I think it makes sense to start with our background in networking. When I say background I am really talking about the mathematical underpinnings of computer networks. This includes routing and switching algorithms, queuing theory and performance analysis. We will need to find ways to relate this to the other areas of computing as mentioned by Dr. Meyer. Once we have this grounding, we will need to understand how we can gather information from all areas of Computer Networks, such as physical server hardware, operating systems, storage devices, applications as well as networks.


Once we get the networking and related stuff out of the way, I will move on to a background in Artificial Intelligence, Machine Learning and other related topics (neural networks, deep learning, etc.). With this background in place I will discuss how it can be applied in the area of computer networking.
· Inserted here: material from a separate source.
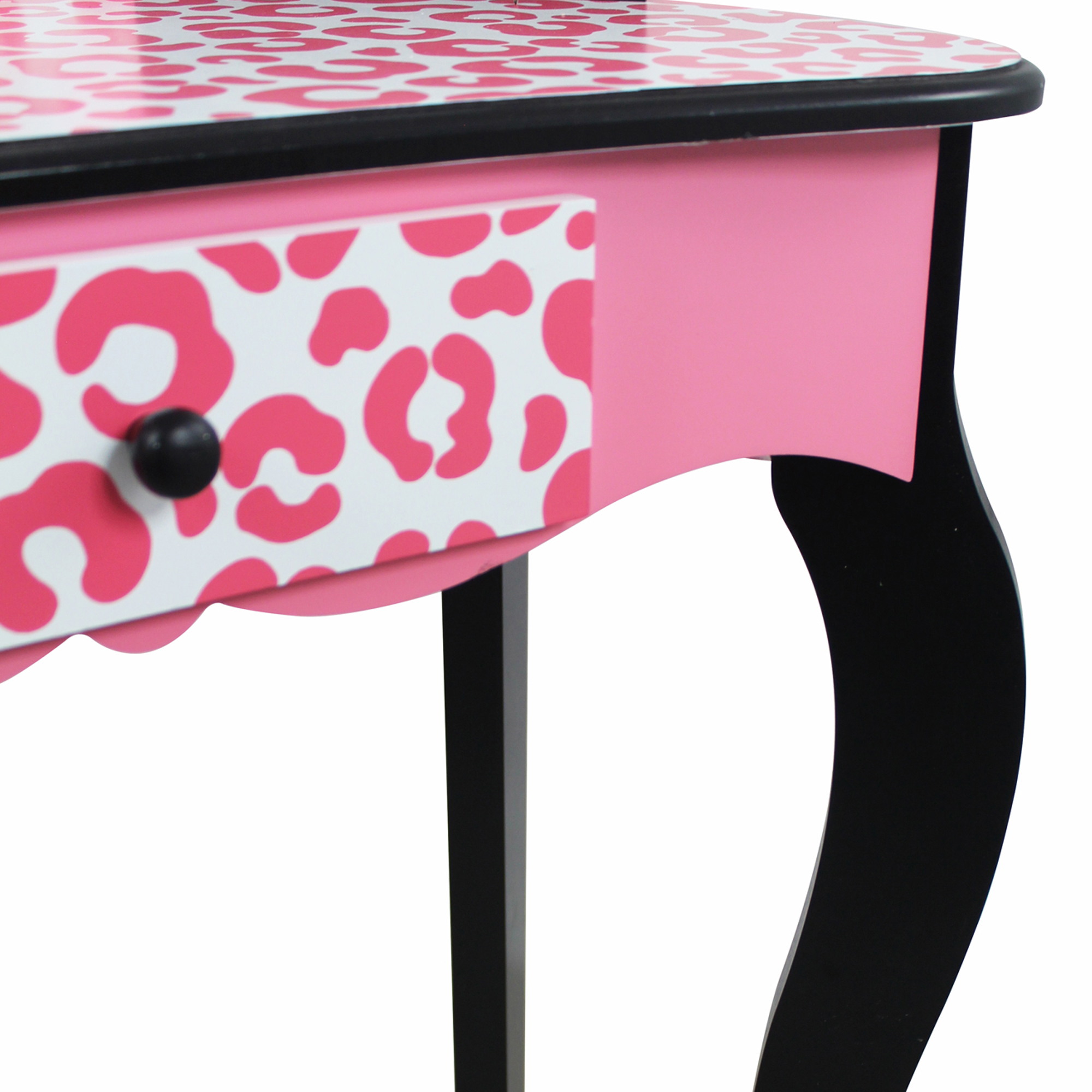 Offrez à votre fille un endroit idéal pour qu’elle puisse se faire belle et faites-lui plaisir avec un meuble à la mode avec cette coiffeuse enfant Fashion Prints de Fantasy Fields accompagnée de son tabouret aux imprimés léopard très tendance. Les motifs léopard en rose vif décorent magnifiquement cette coiffeuse en bois pour enfant et les finitions noires se marient parfaitement au style. Le miroir est très utile, c’est un excellent accessoire pour que les enfants puissent se regarder et s’assurer qu’ils seront les plus élégants à la fête ! Dimensions - Coiffeuse enfant (L) 59.70cm x (l) 29.20cm x (H) 97.80cm / Tabouret (L) 27.30cm x (l) 25.40cm x (H) 36.80cm.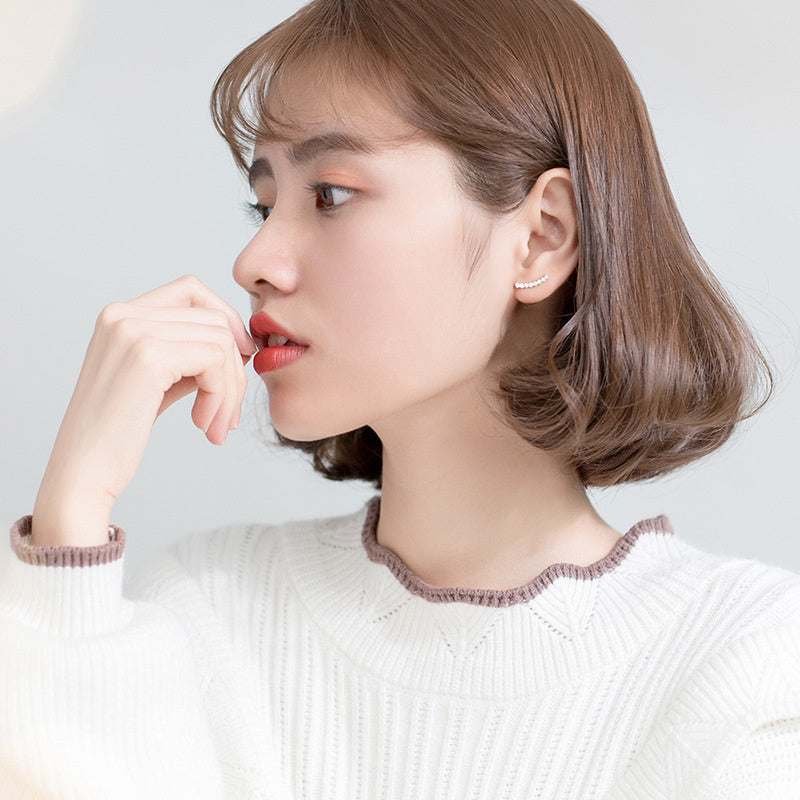 S925 Silver Simple Rhinestone Straight Ear Studs

The final discussion will center around more advanced topics describing ways to better apply ML to networks such as natural evolution strategies, partial swarm optimization and the like. Throughout all of this I will demonstrate ways in which I have been able to successfully apply these techniques and create an environment for not predictive modelling for performance optimizations and failures, but also prescriptive modelling techniques that allow us to actually find ways to prevent future failure and performance degradation, doing so in near real-time. It is a system that constantly learns and trains itself, changing and evolving as the environment itself does.


I will attempt to explain how this can be accomplished in a series of articles that will cover a broad range of topics. As I build this body of knowledge I will be providing examples from software I have written to achieve these results.